_DATASET SECTION_:
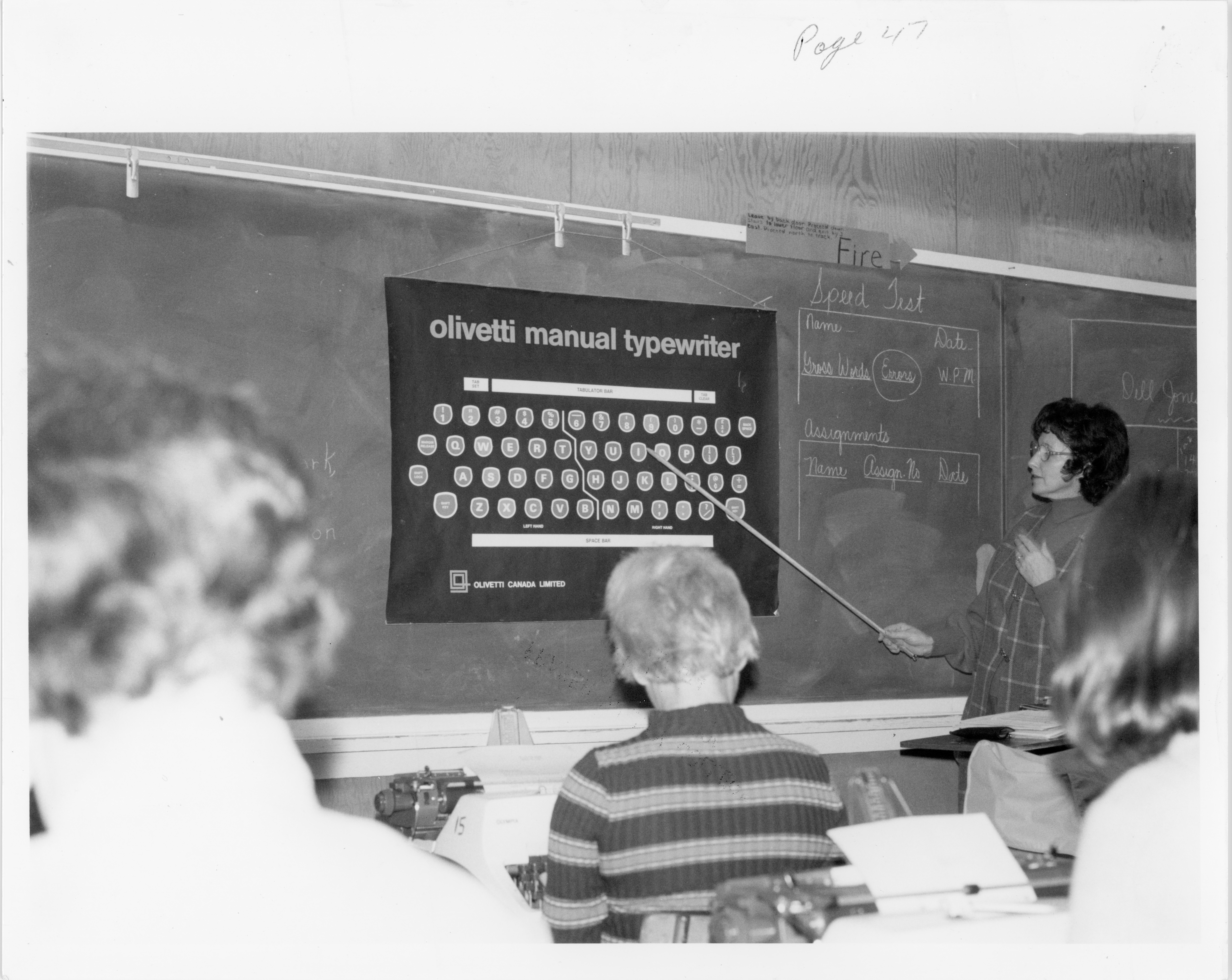 This is an instructor in the Office Careers program (now known as Applied Business Technology – named changed in late 1990s). This is one of UFV’s longest-running programs and has supplied office-ready graduates to private businesses, school districts, the correctional services, public offices, and UFV itself for all of our 49 years. She is demonstrating the placement of keys on a typewriter.
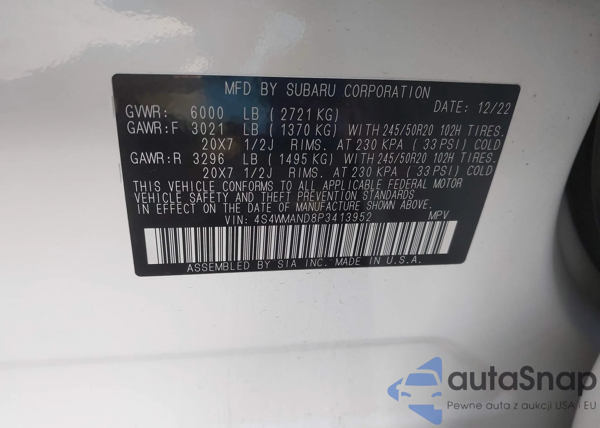 LOT: 43462187 VIN: 4S4WMAND8P3413952
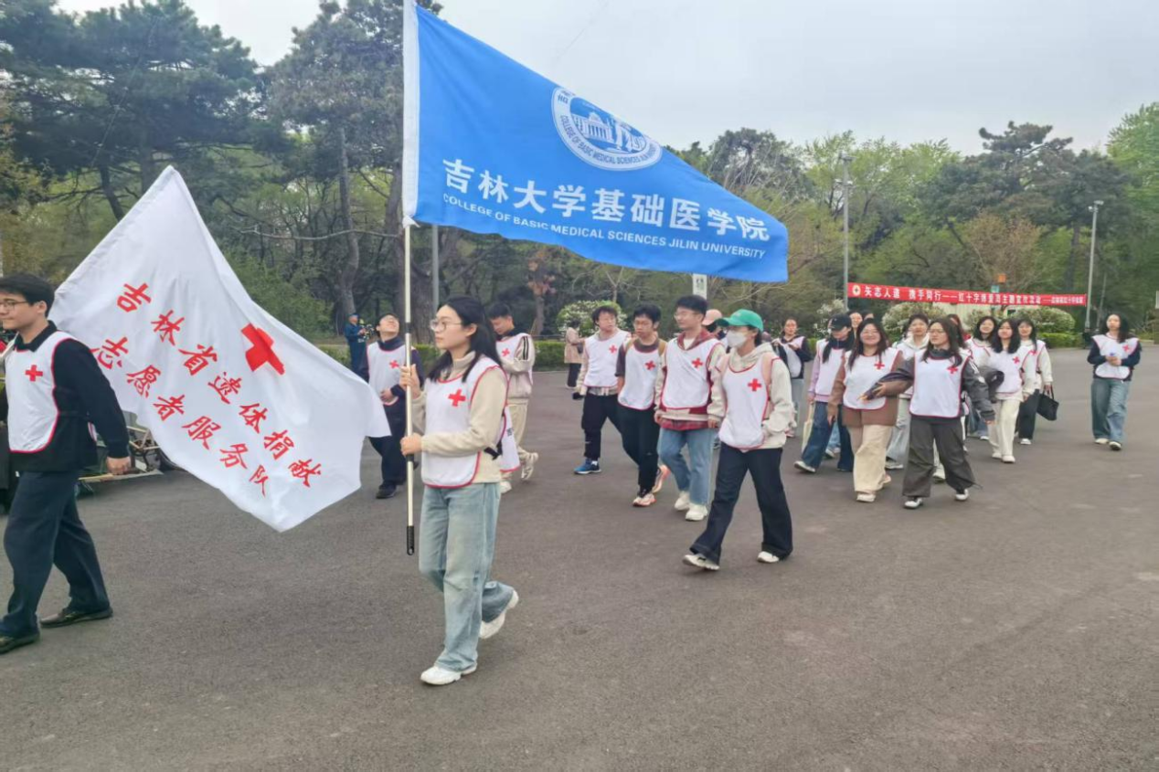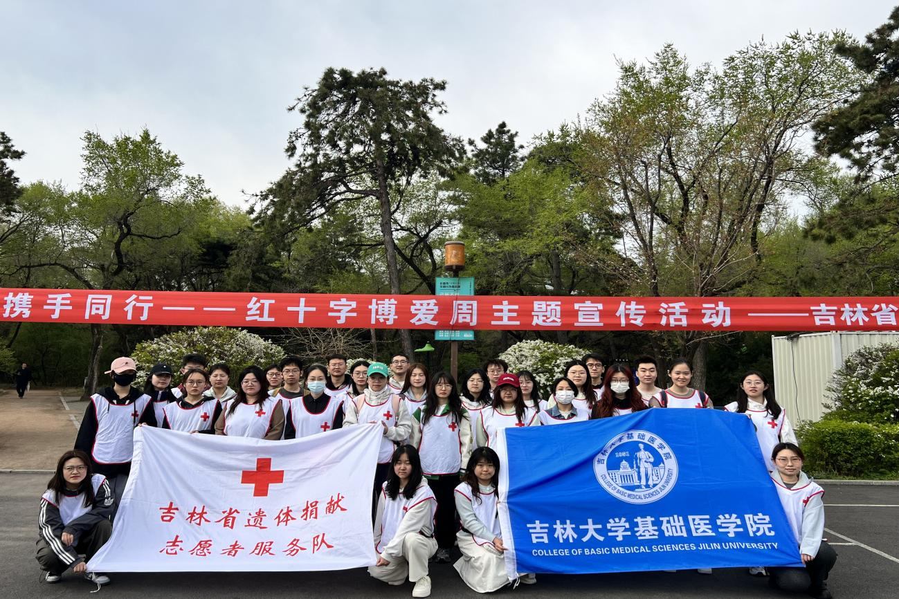 与吉林省红十字会联合开展“矢志人道携手同行”主题公益活动在碧波荡漾的南湖湖畔拉开帷幕。本次活动携手5家医疗机构、9支志愿服务队,共吸引百余名市民积极参与。在学院解剖学系教师赵亚明、研究生辅导员孙佳钰的带领下,基础医学之光志愿者协会共计50余名学生志愿者参加了本次活动,开展了“健康公益行”、“三救三献”宣传等活动,以蓬勃之姿践行人道使命,让红十字精神在初夏的暖阳中熠熠生辉。

_TASK DESCRIPTION_: Please reproduce the lines exactly from the one containing "LOT: 43462187 VIN: 4S4WMAND8P3413952" through the last line of the data above, and keep the pictures out.

_ANSWER TO THIS TASK_:
 LOT: 43462187 VIN: 4S4WMAND8P3413952
 与吉林省红十字会联合开展“矢志人道携手同行”主题公益活动在碧波荡漾的南湖湖畔拉开帷幕。本次活动携手5家医疗机构、9支志愿服务队,共吸引百余名市民积极参与。在学院解剖学系教师赵亚明、研究生辅导员孙佳钰的带领下,基础医学之光志愿者协会共计50余名学生志愿者参加了本次活动,开展了“健康公益行”、“三救三献”宣传等活动,以蓬勃之姿践行人道使命,让红十字精神在初夏的暖阳中熠熠生辉。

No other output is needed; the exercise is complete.